- AIM OF THE EXERCISE
Quote the lines of the data below verbatim, beginning at the line that contains "ジアノーム20L完成!! (塩素濃度50ppm±10ppm・pH6.0±1.0)" and ending at the last line, both included, and excluding pictures.
▽
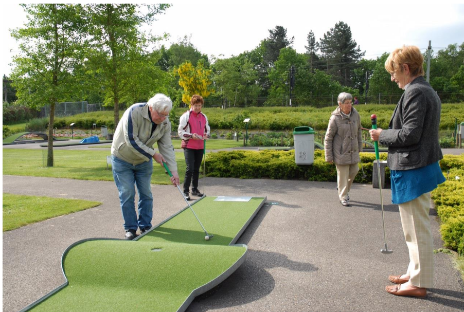
Onze leden actief op de baan.
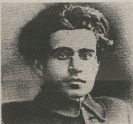
Antonio Gramsci (1891–1937)

Ko je Gramsci iskal odgovor na to vprašanje, je oblikoval vrsto izvornih teoretičnih analiz, ki niso dragocene le zato, ker pomenijo izvirni marksistični pristop k dani problematiki njegove dobe, marveč tudi zato, ker so aktualne še dandanes. Zanimive pa so tudi zato, ker niso omejene zgolj na problematiko revolucije v italijanskih razmerah (kot bi hoteli nekateri, ki Gramscija interpretirajo samo kot nekakšnega evrokomunisto ante litteram), marveč pomenijo splošno obogatitev zakladnice marksistične misli.
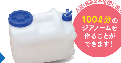
ジアノーム20L完成!! (塩素濃度50ppm±10ppm・pH6.0±1.0)
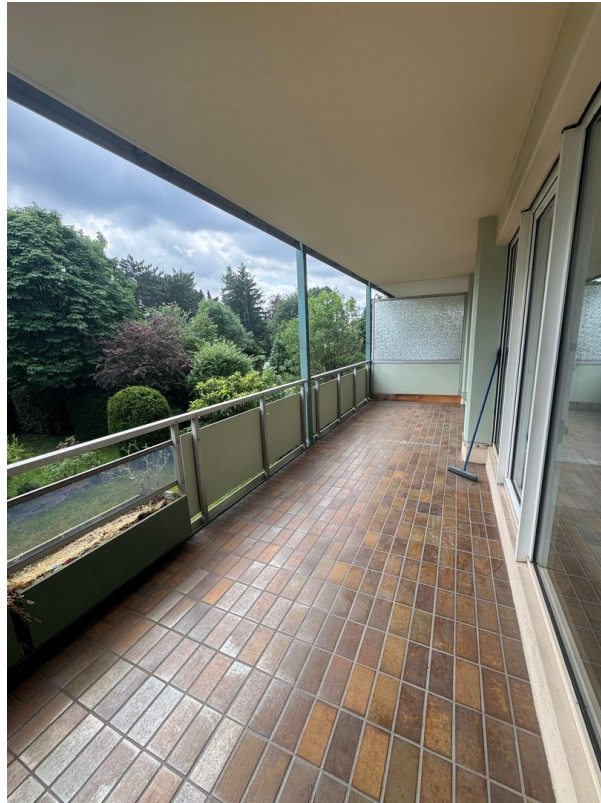
großer Balkon mit Blick Garten
△
- ANSWER SECTION
ジアノーム20L完成!! (塩素濃度50ppm±10ppm・pH6.0±1.0)
großer Balkon mit Blick Garten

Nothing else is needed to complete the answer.